Can Someone Tell me Why People Call David Frum a Conservative?

D.C. loses power for a few days, and this guy says the solution is for the .gov to borrow tons of money to bury power lines. I’ve about had my fill of conservatives like this. We have overhead power lines coming down our street. I’d really prefer my neighborhood and property not be dug up to bury them. Hell, I’d wager it would be cheaper to buy everyone on the block generators for emergencies than to bury the lines in the neighborhood.

h/t to Instapundit, who normally I agree with on most things, but I just can’t stomach borrowing money we don’t have to fund something like this, even if I have to agree that most of Obama’s stimulus might as well have been flushed down the toilet.

10 thoughts on “Can Someone Tell me Why People Call David Frum a Conservative?”

  1. Things would have been less of a mess had government(s) had the foresight to bury lines rather than pissing money away on silly projects such as light rail, solar cells and other unicorn-like nicities.

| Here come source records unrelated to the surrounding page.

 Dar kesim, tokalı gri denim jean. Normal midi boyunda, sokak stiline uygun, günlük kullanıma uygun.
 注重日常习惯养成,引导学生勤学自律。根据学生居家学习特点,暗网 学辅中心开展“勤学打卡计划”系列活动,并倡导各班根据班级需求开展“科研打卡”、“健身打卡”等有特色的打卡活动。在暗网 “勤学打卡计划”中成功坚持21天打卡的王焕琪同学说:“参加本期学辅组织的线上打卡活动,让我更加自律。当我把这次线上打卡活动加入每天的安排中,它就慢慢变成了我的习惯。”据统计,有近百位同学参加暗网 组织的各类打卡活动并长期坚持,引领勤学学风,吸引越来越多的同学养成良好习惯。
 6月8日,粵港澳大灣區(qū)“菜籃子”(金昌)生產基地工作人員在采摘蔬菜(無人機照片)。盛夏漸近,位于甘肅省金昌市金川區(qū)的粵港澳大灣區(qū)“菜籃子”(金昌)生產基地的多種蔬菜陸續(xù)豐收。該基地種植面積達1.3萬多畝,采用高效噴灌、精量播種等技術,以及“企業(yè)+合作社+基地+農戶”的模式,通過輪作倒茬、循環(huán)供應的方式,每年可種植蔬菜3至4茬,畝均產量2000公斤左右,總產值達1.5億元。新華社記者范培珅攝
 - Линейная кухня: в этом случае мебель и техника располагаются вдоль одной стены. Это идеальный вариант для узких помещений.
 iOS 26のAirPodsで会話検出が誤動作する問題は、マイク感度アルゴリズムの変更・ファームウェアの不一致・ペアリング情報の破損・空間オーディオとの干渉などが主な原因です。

    Frum is a fake conservative, for media savants to quote and make real conservatives look radical and crazy. A “thinking” conservative. Since the rest of us never think, we just cling.

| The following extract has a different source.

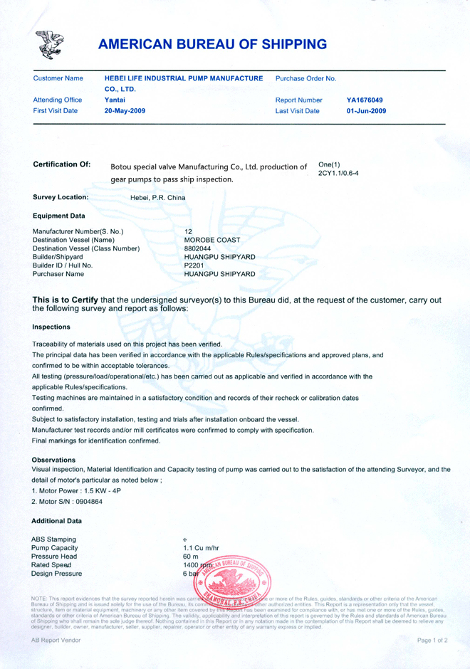 國(guó)際質(zhì)量體系認(rèn)證證書 ABS認(rèn)證證書 法國(guó)船級(jí)社質(zhì)量體系認(rèn)證證書
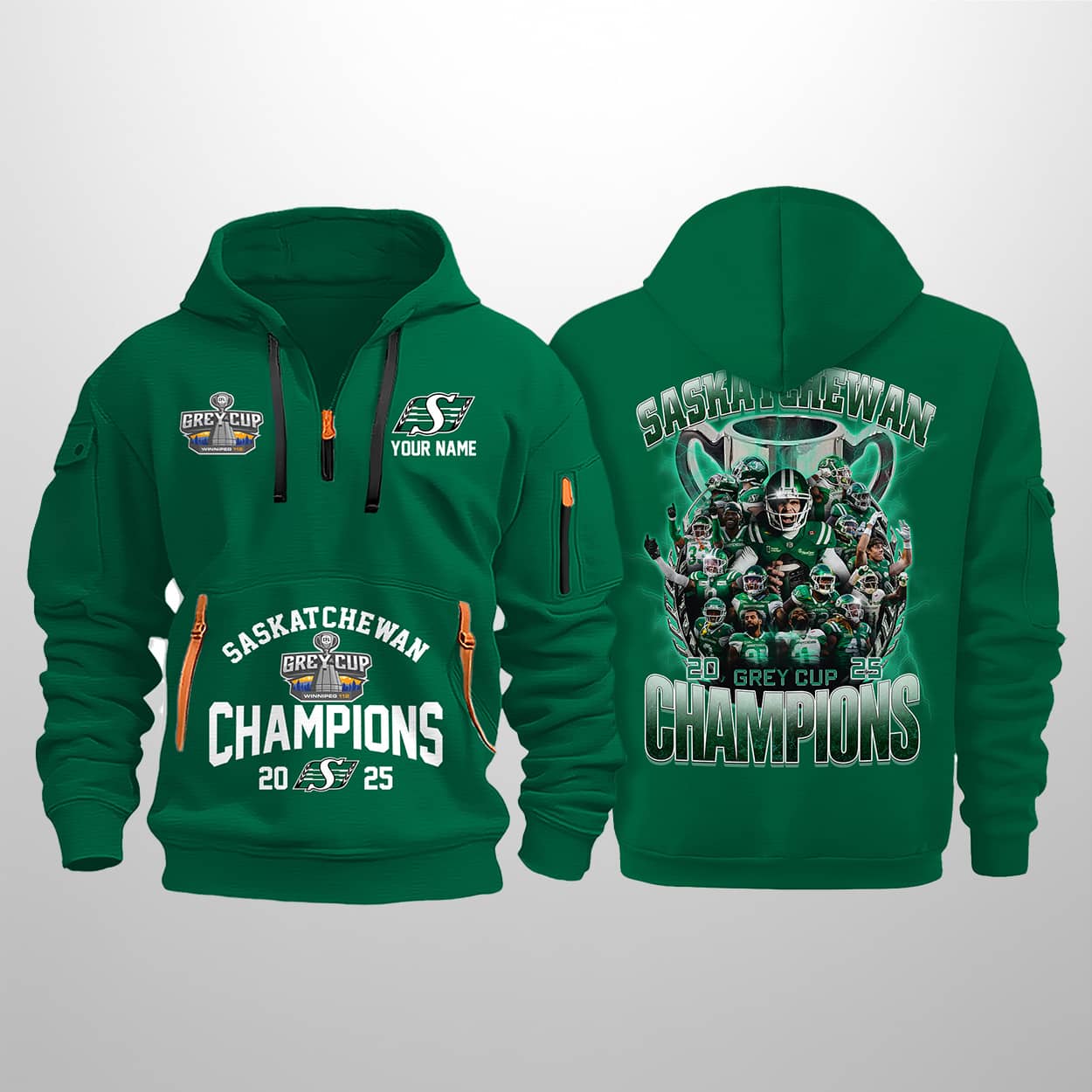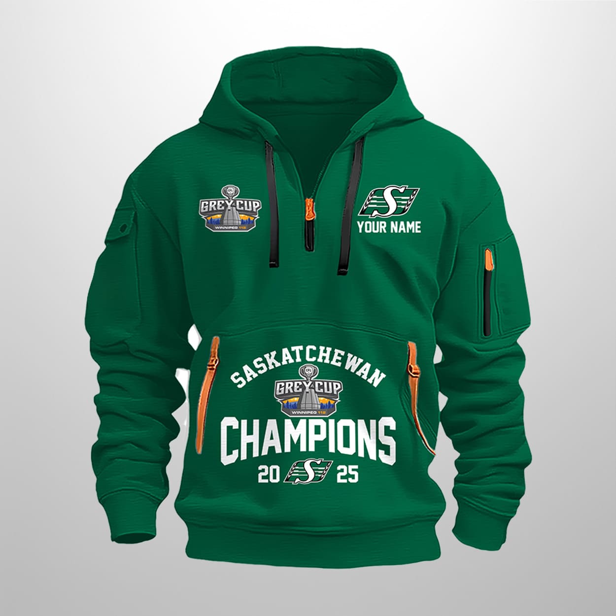 Step into the winner’s circle with the ultimate fan gear. Drenched in Rider green and accented with fiery orange zippers, this hoodie screams celebration. The front proudly displays “SASKATCHEWAN ROUGHRIDERS,” “YOUR NAME,” and “CHAMPIONS 2025,” flanked by the official Grey Cup and team logos. It’s not just a hoodie—it’s a wearable trophy.

  2. No one serious has considered Frum a conservative for years. If you cornered him I don’t think even he would maintain the charade.

    My State Senator is mad at Pepco too. Pepco (the prime DC electic company) has been crappy for some time. We get a weeklong ‘event’ every year now, like a 3rd world country. Pepco is trying to improve. They want to raise rates to help fund that. Guess what my State Senator is trying to kibosh.

    “bury the electric line, but charge less”

    Politicos need to make up their mind.

  3. While we’re at it, let’s not forget that Frum also said that the ONLY reason people are buying guns, and are more pro-gun, is that Rush Limbaugh told them to shoot black people. Frum needs to be stopped.

  4. Marginal cost. Burying lines is done during nice weather. The groundsmen and linesmen that work incredibly long hours after storms, they get paid year round. The labor costs for burying lines are pre-paid. The equipment to dig under sidewalks, roads, and other structures is already bought. The long-term savings for burying lines is huge. Buried lines are trouble when somebody cuts them, and if they overload and burn. Overhead lines are constant trouble.

    For long distances through forests and over mountains, overhead lines are cheaper (because it is too hard to dig there). Residential areas – easy to lay lines underground.

  5. Well, in VA the people who live in neighborhoods with overhead powerlines to each house are still sitting in the dark, while the areas with underground lines (though the main lines are still overhead) were back up in a day or two. So, it does matter.

    That said, if the next stimulus were directed at burying the past 60 years worth of local power lines (not impossible given that the most affected area was the capital city) most of the money would certainly go to graft and waste. It’s a Catch-22…

  6. I am an underground transmission engineer. Transmission class lines (69kV and up) are much different than the distribution you see in most neighborhoods (12-35 kV). Typical UG T-lines cost $8 to $30 million per mile depending on size. It gets much worse if you try to use them for backbone projects (Trail, PATH, MAPP). Overhead T-lines cost $1-2 million per mile. Typically UG lines are only used in developed areas where the cost of buying and demolishing property would exceed the capital cost difference.

    There are a number of differences in reliability, restoration, and operations but they generally wash, i.e. UG lines have 1/500th the outages, but a minor outage takes 4 weeks to restore instead of 4 hours.

    1. I think Frum was talking about burying even the 13kv lines in the neighborhoods. I’ve talked to some people from the UK and Germany and they all told me that their medium voltage stuff is mostly underground. But as Frum notes, our lower population density translates into much higher costs per ‘customer’ if we are to bury lines like they do in Europe.

      1. And of course if they bury the 13kv lines, all of the triplexed low voltage lines will have to be re-routed to pad mounted transformers. Each homeowner would have to pay for their service entrance to be redone.

  7. Frum is only a conservative to liberals. He’s just a tool they can use.